What is the CEPD’s greatest diplomatic challenge?

With the Taiwanese becoming more internationalised, the island has experienced what some have referred to as ‘brain drain’. There are currently more than one million Taiwanese either working, studying or living in mainland China. This is an inevitable trend but we need to create more quality jobs within Taiwan to retain or attract talented people.

 

 

Venetia van Kuffeler explores the Taiwanese company Motech’s cheap and efficient method of bringing electricity to the rest of the world

In the middle of Southern Taiwan Science Park, Motech Solar, a full-service global solar energy company, can be found quietly thriving, making clean electricity by harnessing Taiwan’s most abundant renewable energy resource: the sun.

Having previously spent 18 years conducting research at the US Department of Energy’s National Renewable Energy Laboratory in Colorado, Dr Simon Tsuo returned to Taiwan in the mid-1990s to start the first crystalline silicon solar cell factory. Dr Tsuo’s old college classmate, Cheng Fu-tien, then Chairman of Motech Industries, a company founded in 1981 to manufacture testing instruments, was looking to bolster the growth potential of his business. At the time, Mr Cheng was actively involved in the anti-nuclear power movement in Taiwan. After hearing of Dr Tsuo’s interest in setting up a solar cell factory, Mr Cheng invited him to set up Motech Solar, a new division of Motech Industries, and act as its CEO.

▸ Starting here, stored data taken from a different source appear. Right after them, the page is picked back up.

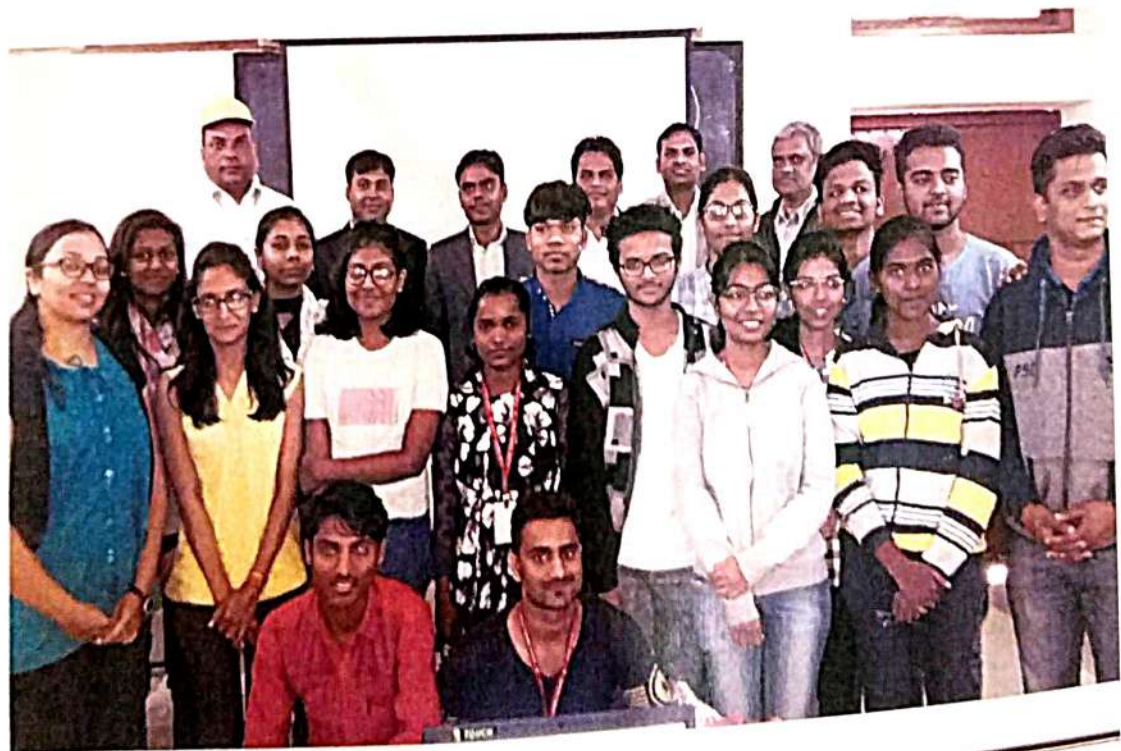
Certificate Course in 'Heritage and Culture Studies' 9 th January - 25 th January, 2018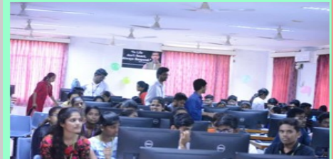
SIXTH SENSE ROBOTICS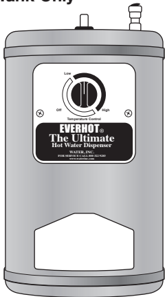
Stainless Steel Shell

Dimensions: Width: 7 3/4" Height: 13" Depth: 9"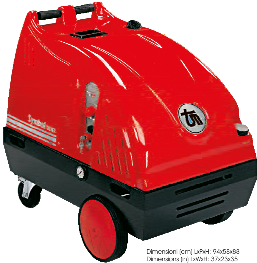
Dimensioni (cm) LxPxH: 94x58x88 Dimensions (in) LxWxH: 37x23x35

Dettaglio valvole regolazione e sicurezza Pressure regulator and safety valve

Together, they raised US$5 million at the local Rotary Club – ‘they all joke they’ve [since] had a very comfortable retirement!’ Dr Tsuo laughs – and began production in 1999, churning out six-inch, wafer-thin photovoltaic (PV) solar cells at a significantly lower cost than competitors. The cells are used in solar panels, also known as photovoltaic modules, to convert light into electricity.

In those early days, Dr Tsuo rolled up his sleeves and trained the engineers himself, working 70-hour weeks. Motech Solar’s first sales coup came in 2001, when a German company responding to a government green initiative placed a large order. In 2004 it began developing solar inverters, which convert the DC output of PV modules into AC current, and in 2010 the division became a full-service solar solution provider. After Mr Cheng passed away, Dr Tsuo accepted a three-year term (expiring in June 2013) as Chairman of Motech Industries.

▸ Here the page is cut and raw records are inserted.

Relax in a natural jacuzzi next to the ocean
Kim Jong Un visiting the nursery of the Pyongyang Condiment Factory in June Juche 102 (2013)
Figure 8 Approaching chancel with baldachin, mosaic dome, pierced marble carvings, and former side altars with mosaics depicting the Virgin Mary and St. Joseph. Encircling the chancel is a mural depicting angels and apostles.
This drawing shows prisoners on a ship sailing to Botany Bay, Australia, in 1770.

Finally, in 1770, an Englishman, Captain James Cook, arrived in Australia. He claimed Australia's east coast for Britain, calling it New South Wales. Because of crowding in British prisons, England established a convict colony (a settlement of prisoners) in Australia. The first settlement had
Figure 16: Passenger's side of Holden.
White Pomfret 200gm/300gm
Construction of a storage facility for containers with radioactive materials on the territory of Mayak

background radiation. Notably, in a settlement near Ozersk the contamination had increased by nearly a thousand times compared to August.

Dr Tsuo is clearly proud of his achievements: ‘Since my arrival, the number of employees has increased from less than 100 to over 4,000, the company now has factories overseas – mainland China, the US and Japan – and Motech became a listed public company in 2003.’ Taiwan has very few natural resources, and Dr Tsuo is proud that Motech takes advantage of the island’s best asset: its highly skilled, young workforce. ‘We have been blessed with great employees,’ he observes. ‘[They are] the driving force behind Motech’s success.’

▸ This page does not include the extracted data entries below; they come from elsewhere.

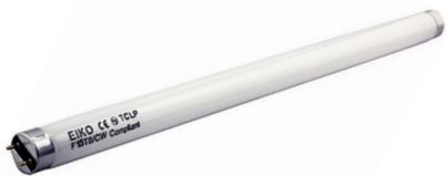
F15T8 18" Cool White Economy Fluorescent Lamp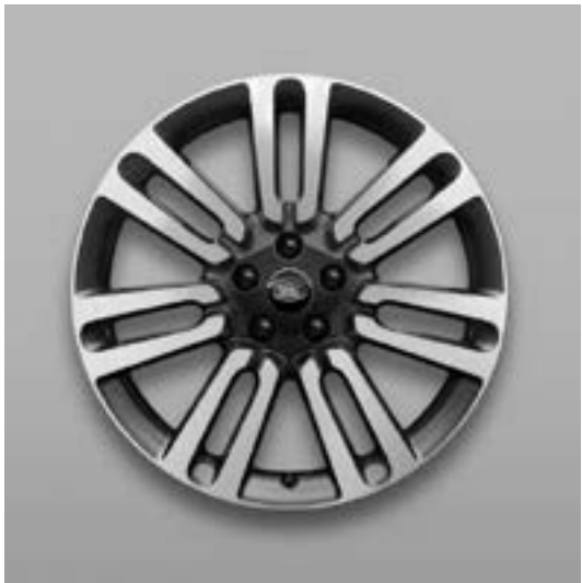
21" Style 7021, Diamond Turned with Dark Grey contrast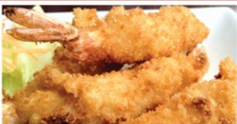
SN05. Shrimp Tempura served with Soy sauce RM 21.5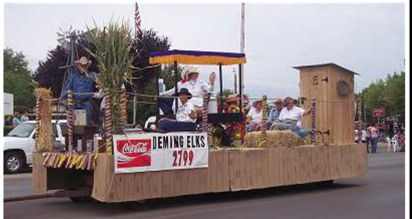
Elks: Best Overall Entry in Duck Race Parade, and winner of $300 and a plaque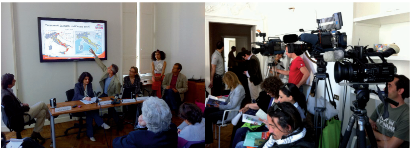
Figure 2. The press conference on May 9, 2011, held in the INGV office in the center of Rome, near the Quirinale.

Bendandi’s theory has never been published in scientific journals, and has remained written in his notes and drawings, which are rather difficult to understand. The INGV is working with the Osservatorio Bendandi of Faenza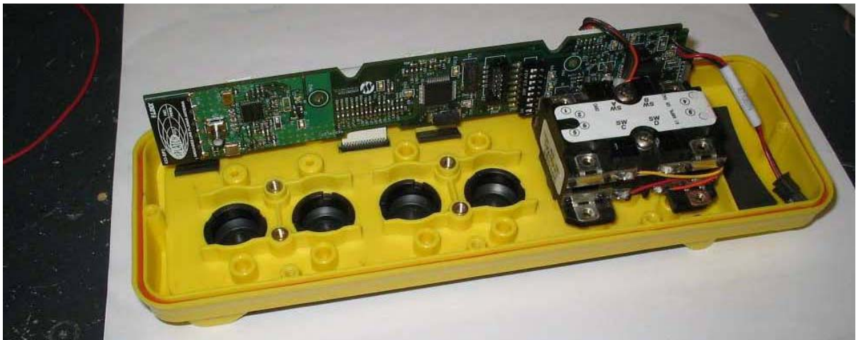
Board installed in Handheld Transmitter, Front View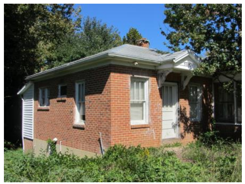
Figure 120. NCDOT Survey #56, DeGrom Triplex (GF-8214), 5503–5505 Burlington Road, Guilford County, view of westernmost unit, looking northeast.

Figure 119. NCDOT Survey #56, DeGrom Triplex (GF-8214), 5503–5505 Burlington Road, Guilford County, looking northwest.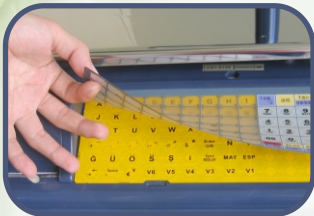
removable and renewable keypad (patent)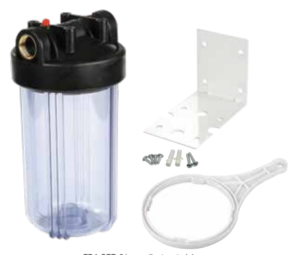
FDA CFR-21 compliant materials

LF brass threaded port Built-in manual bleed valve button Double O-Ring gasket Accepts most 10" big filter cartridges Fast cartridge replacement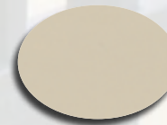
Gloss Beige DSI 104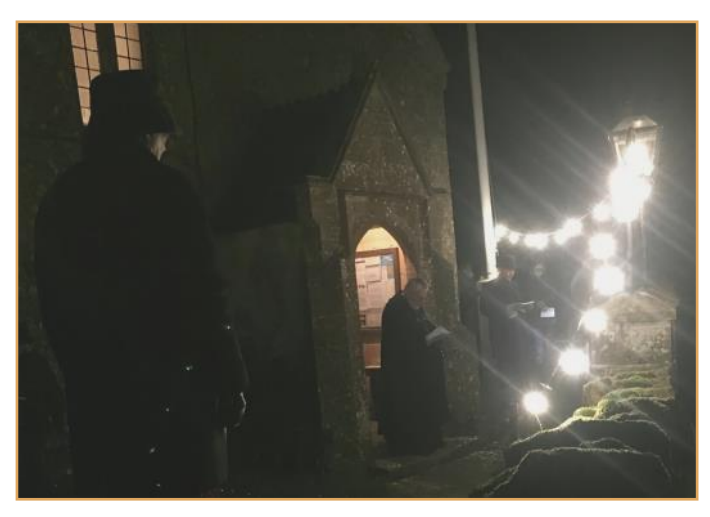
The Christmas Eve service, 2020.

My family moved from Yeovil in 1967, finally settling in East Lambrook in 1974. On leaving school I started work at East Lambrook Manor Gardens, eventually as head gardener. This cottage garden is the creation of Margery Fish. Its dense and natural planting makes a wonderful habitat for wildlife and is a constant reminder of the wonder of God's creation. I joined the congregation at St James about 2012, soon helping out with bell ringing and stepping in when we are without an organist though using only one finger, just sufficient to keep us together and in tune! I also arrange for the maintenance of our churchyard. As deputy churchwarden I have helped prepare for the various services in all their diversity, from the candlelit Carol service when the villagers fill St James and carols ring out across the dark fields, to the peace and beauty of the service of Compline during Lent. When time allows, I love to explore our surrounding countryside, especially the Levels with its distinctive and ancient landscape – though I've yet to try the smoked eels once farmed by the monks of nearby Muchelney Abbey.

As global warming and climate change continue to be a major concern for nations around the world, Dr Tsuo plans to continue to reduce the cost of solar PV power as much as possible. ‘I believe the price of crystalline silicon solar PV modules can be less than $0.85/watt-peak, with a selling price of less than $1/watt-peak. But we are a long way from that.’ He is realistic about the implications of the financial crisis: ‘I believe the solar PV industry will go through some tough times and industry consolidations. I want to see Motech coming out of this period as one of the major players.’

He continues: ‘I would like to see Motech become one of the top five PV manufacturing companies in the world, while building a strong corporate culture of caring for the well-being of our employees and of the society we live in. I would like to see Motech be the leader in developing innovative products for the solar industry.’

Although Taiwan is the second largest manufacturer of PV solar cells, over 99 per cent of them are exported, and so Dr Tsuo wants the Taiwanese government to ‘do more to promote renewable energy.’ More generally, he believes that ‘Taiwan should be allowed to join international institutions such as the UN and the World Bank – after all, the country is one of the top 15 economic entities in the world.’